Tak hanya itu, lembaga survei sudah bermunculan untuk memotret suasana pra Pilkada Kabupaten Malang. Tiga lembaga survei yang sudah hadir masing-masing Kualita Prima Indonesia, Last Minute dan Lingkaran Survei Indonesia (LSI) masih menempatkan nama Rendra Kresna sebagai calon yang elektabilitasnya paling tinggi diantara calon lainnya.
Pria yang menjabat Bupati Malang itu, dari ketiga survei tersebut elektabilitasnya masih jauh dibanding bakal ‘musuhnya’ yakni pada angka 40 persen.
Pengamat Politik Universitas Brawijaya, Anang Sudjoko, mengatakan, sosok Rendra yang masih di posisi atas ini dikarenakan tingkat popularitasnya yang tinggi. Sebagai Bupati Rendra terbilang piawai memanfaatkan media sebagai upaya pencitraannya.
“Saya melihat ada kegamangan dari partai lain yang masih belum memunculkan satu nama, padahal Pilkada sebentar lagi dimulai,” kata Anang Sudjoko, Selas (3/3) di Malang, Jawa Timur.
Ia memprediksi akan ada tiga kekuatan besar yang mendominasi di Kabupaten Malang. Yakni Partai Golkar selaku kendaraan Politik Rendra Kresna, PDI Perjuangan partai pemenang pemilu legislatif di Kabupaten Malang, serta partai Gerindra yang saat ini suaranya sangat signifikan.
“Ada tiga kekuatan yang besar, saat ini Gerindra masih bingung, dia merapat ke partai lain atau mengajukan calon sendiri dengan menggandeng partai lain,” paparnya.

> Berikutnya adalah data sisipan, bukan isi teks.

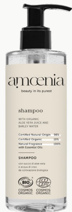
Shampoo cod. 026SH357800 | 300 ml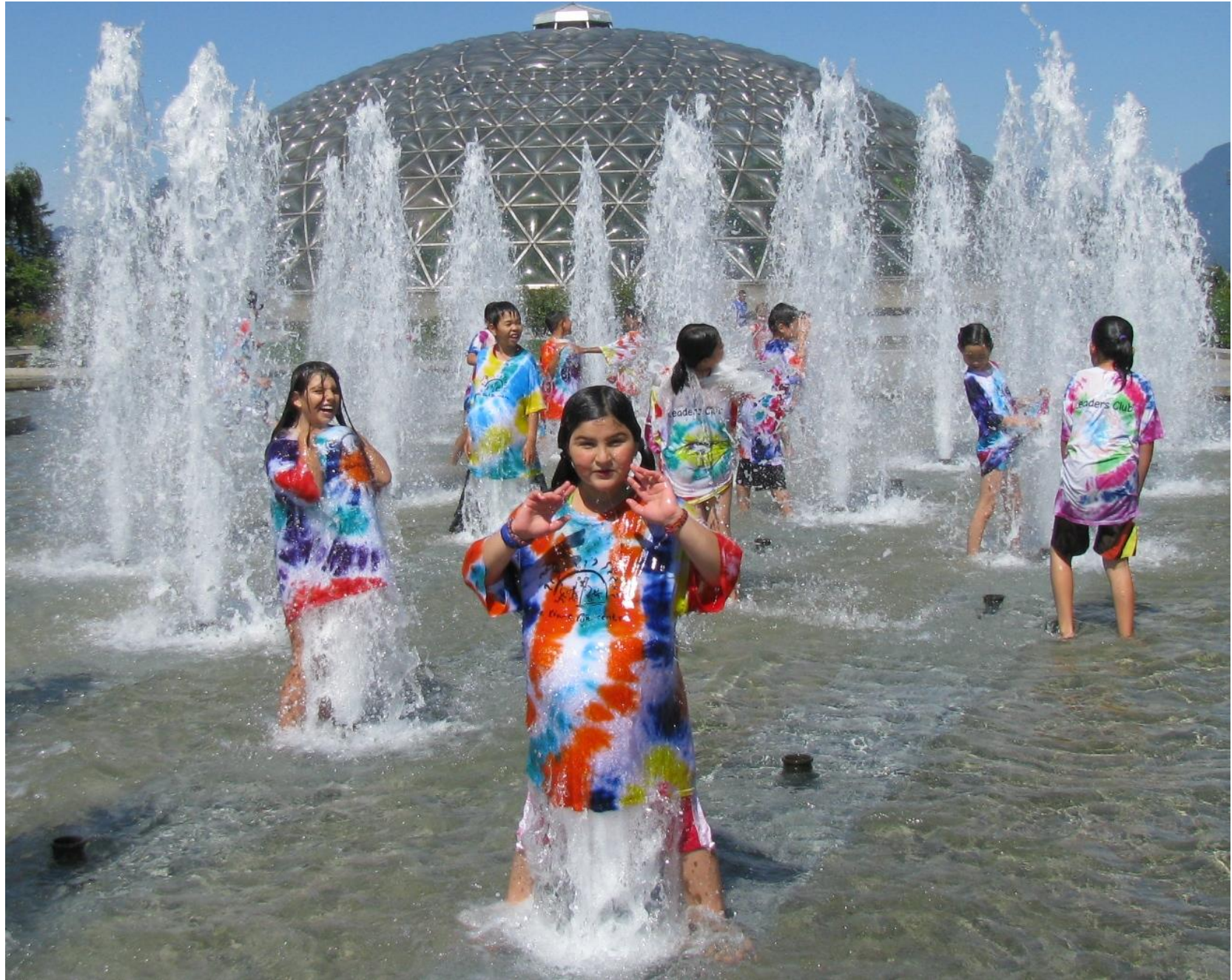
A group in our tie-dyed field trip T-shirts created its own water park rainbow...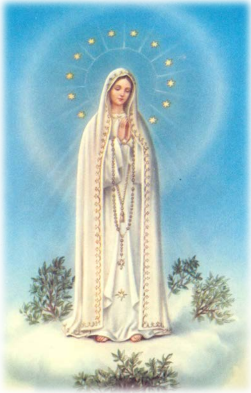
Our Lady of Fatima

We are a group of Catholic women uniquely dedicated to the love and support of God, family and each other; and the promotion and support of the Knights of Columbus and the Ladies Auxiliary.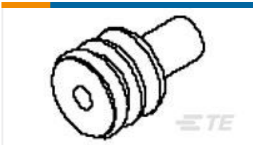
TE Part #184139-1 WIRE SEAL,RUBBER,SENSOR,BLUE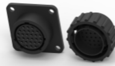
TE Part #206433-3 CPC SERIES 2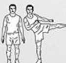
side leg raises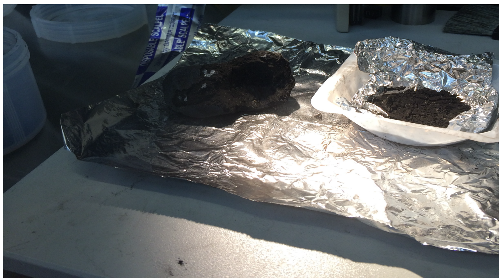
Figure 1: Sampling of the Tagish Lake specimen 10a

A ca. 2 gram subsample of the Tagish Lake specimen 10a was analyzed by our new SPME(PDMS/DVB* or PEG** fibers)-GC(CP-Volamine) method.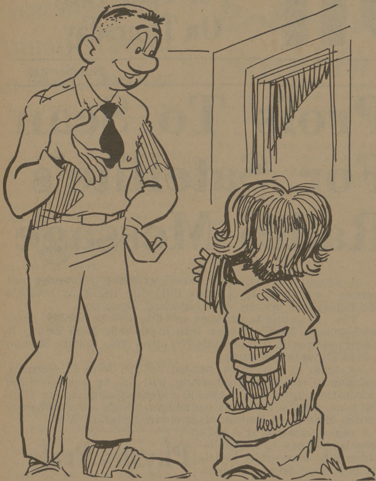
"You're right! With your beetle wig no one will notice that you haven't shaved—but how will it go over with the R.O.T.C. crowd?"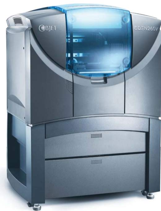
Objet Eden260V 3D Printer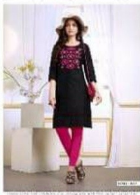
D.NO : 1006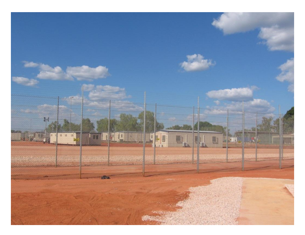
Looking into Curtin IDC through perimeter fence, May 2011.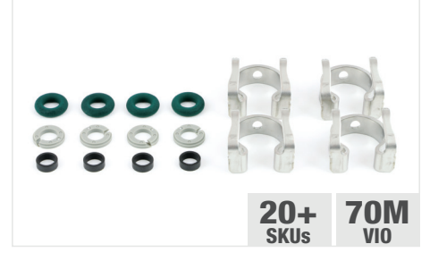
GDI Injector Seal and Service Kits

Optimal fuel injection performance takes quality components, expert manufacturing and extensive testing. And that's precisely what Standard® delivers.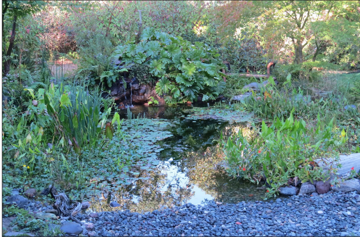
A constructed backyard pond like this one in California can function as an urban oasis to a host of wildlife.

Water is the driving force of all nature. — Leonardo Da Vinci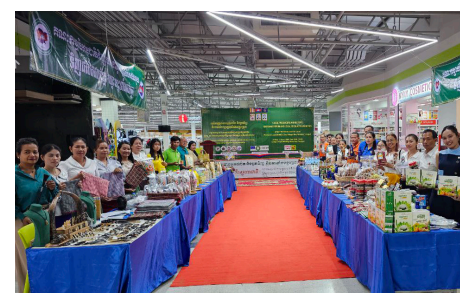
Cambodian local producers showcased their products at Big C Supermarket.

This important project, initiated by OVOP and Oxfam in 2022, aims to support and strengthen market access for local producers. Over the past two years, 17 forums and exhibitions have been held, benefiting approximately 3,000 producers and buyers. This year, we plan to hold the forum in Phnom Penh, and other four provinces including Kampong Thom, Siem Reap, Koh Kong, and Banteay Meanchey.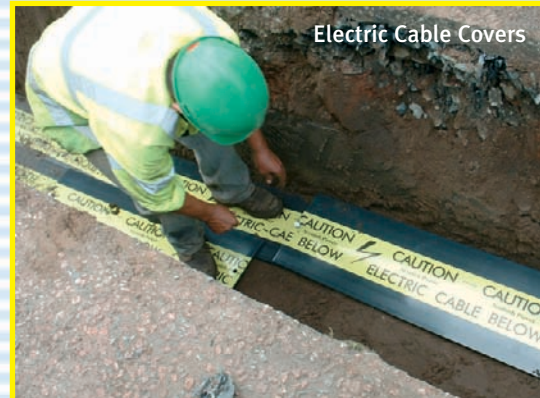
Electric Cable Covers

Approved by utilities worldwide. Stokbord Cable Covers meet the impact requirements of BS2484, 1985 Paragraph 4 Appendix A. Complies with EATS 12-23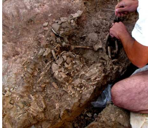
Pit human burial excavation in Sector I of Perdigões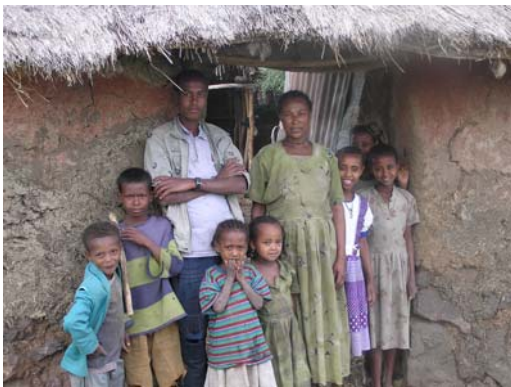
The farmer (woman in green dress) is one of the farmers I had the opportunity to interview. She has found the new clones of Napier more productive and plans to plant more next season.

I learned that the best way to learn what attributes of a crop are most important in a farming system, is to see how it functions as a part of the system itself. Primary uses, disease or management problems and environmental issues are all considered when

Kisruh antara KIH dan KMP di pusat, kata dia, akan berpengaruh terhadap kemungkinan koalisi antara Gerindra dan PDI Perjuangan. Menurutnya, kecil kemungkinan Gerindra dan PDI Perjuangan akan bersatu dalam Pilkada Kabupaten Malang.

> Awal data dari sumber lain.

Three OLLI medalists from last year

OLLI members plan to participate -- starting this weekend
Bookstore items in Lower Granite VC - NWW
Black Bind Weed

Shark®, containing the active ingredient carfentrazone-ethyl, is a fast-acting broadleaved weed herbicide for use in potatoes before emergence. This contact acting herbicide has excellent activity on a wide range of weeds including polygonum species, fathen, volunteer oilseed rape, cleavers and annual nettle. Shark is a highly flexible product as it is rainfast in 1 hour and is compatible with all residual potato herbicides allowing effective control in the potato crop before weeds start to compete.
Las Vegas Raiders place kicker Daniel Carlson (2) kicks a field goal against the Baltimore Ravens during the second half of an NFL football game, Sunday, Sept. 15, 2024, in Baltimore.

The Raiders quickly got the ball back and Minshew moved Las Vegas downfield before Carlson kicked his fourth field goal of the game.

“Kita lihat nanti, karena politik itu dinamis, bisa jadi mereka merapat, atau malah sebaliknya,” terang Anang.
Sementara itu, Sekertaris DPD Golkar Kabupaten Malang, Ahmad Andy, mengatakan, guna memuluskan langkah Rendra untuk kembali menjadi Bupati, Golkar sudah merangkul beberapa partai untuk diajak koalisi.

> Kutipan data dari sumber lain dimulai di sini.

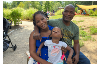
Family from Triumph Inc. Head Start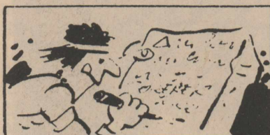
The first system of writing was invented by the Sumerians in ancient Mesopotamia about 3500 B.C.

You can have a happier holiday season by helping your teenager bridge the gap between wanting the joy of a child's Christmas and wanting to feel like an adult who makes decisions about Christmas.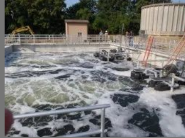
Sequential Batch Reactor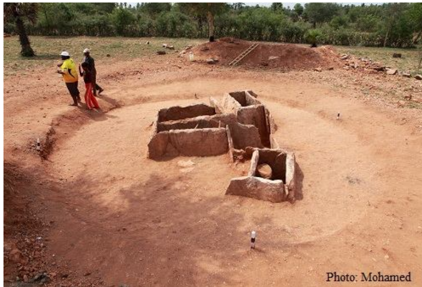
Fig 6: Megalith XV, Kodumanal 2012

The burial area is to the East and North of the habitation area and has a spread of 100 acres. Dr. Rajan is of the opinion that the earlier burials must have been located in the eastern part and it later spread to the South.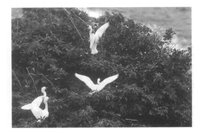
Plate 2 Family (adult and fledglings) of Chinese egrets in the colony.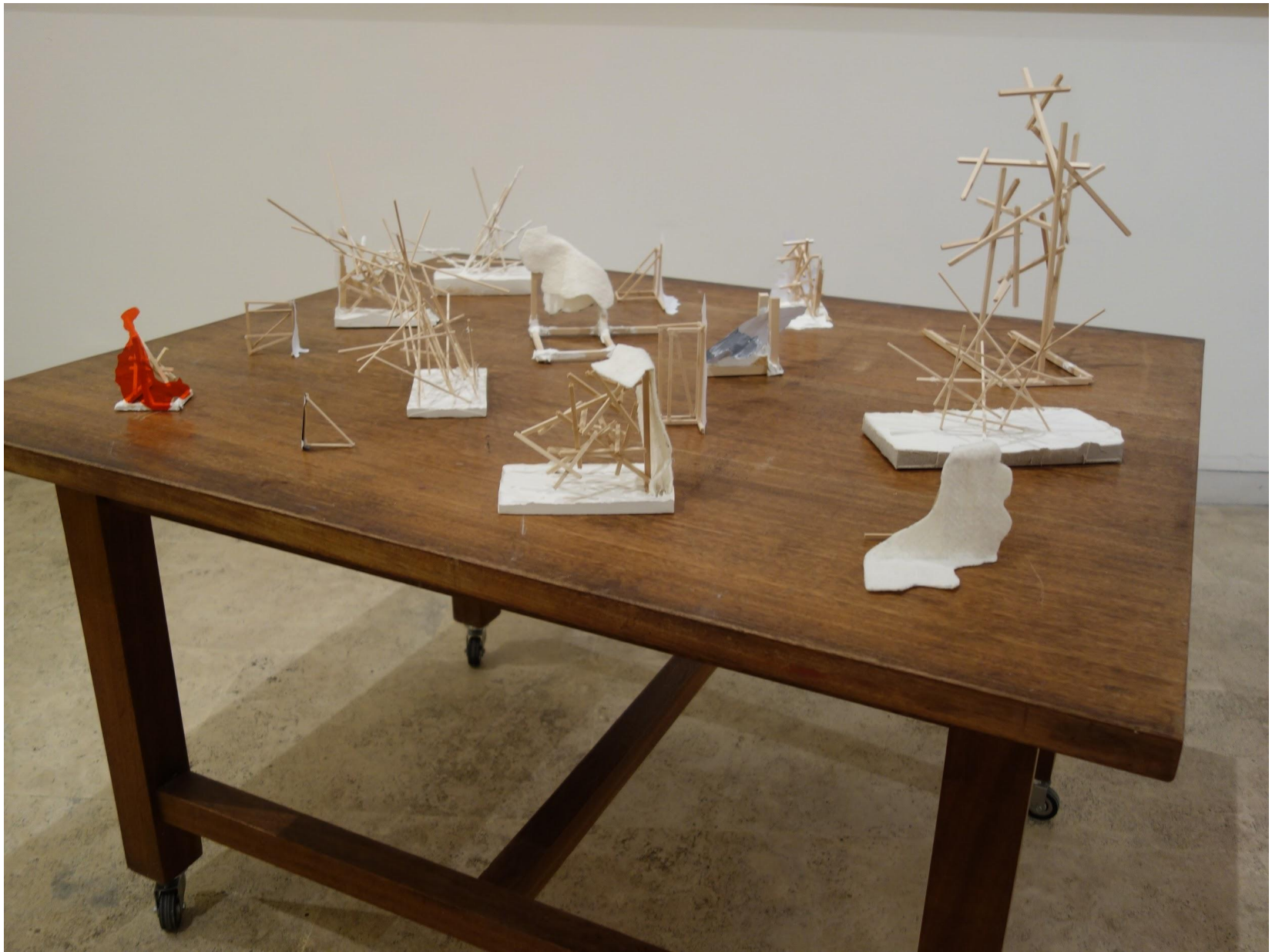
A Script for an Archive , models for possible sculptures, felt, plywood, plaster, The British School at Rome, 2019 Produced during my fellowship at The British School of Rome whilst researching The Bulwer Collection and Cinecitta Film Studios.

“PKB, PPP , PKS dan Nasdem kabarnya sudah siap merapat, semua tinggal menunggu keputusan,” kata Andy.
Kisruh dualisme di tubuh partai pohon beringin juga tidak berpengaruh terhadap pencalonan Rendra Kresna. “Baik kubu pak Agung maupun pak Aburizal sudah sepakat agar Pak Rendra maju kembali. Rekomendasi untuk pilkada ada di Provinsi bukan pusat,” tegas dia.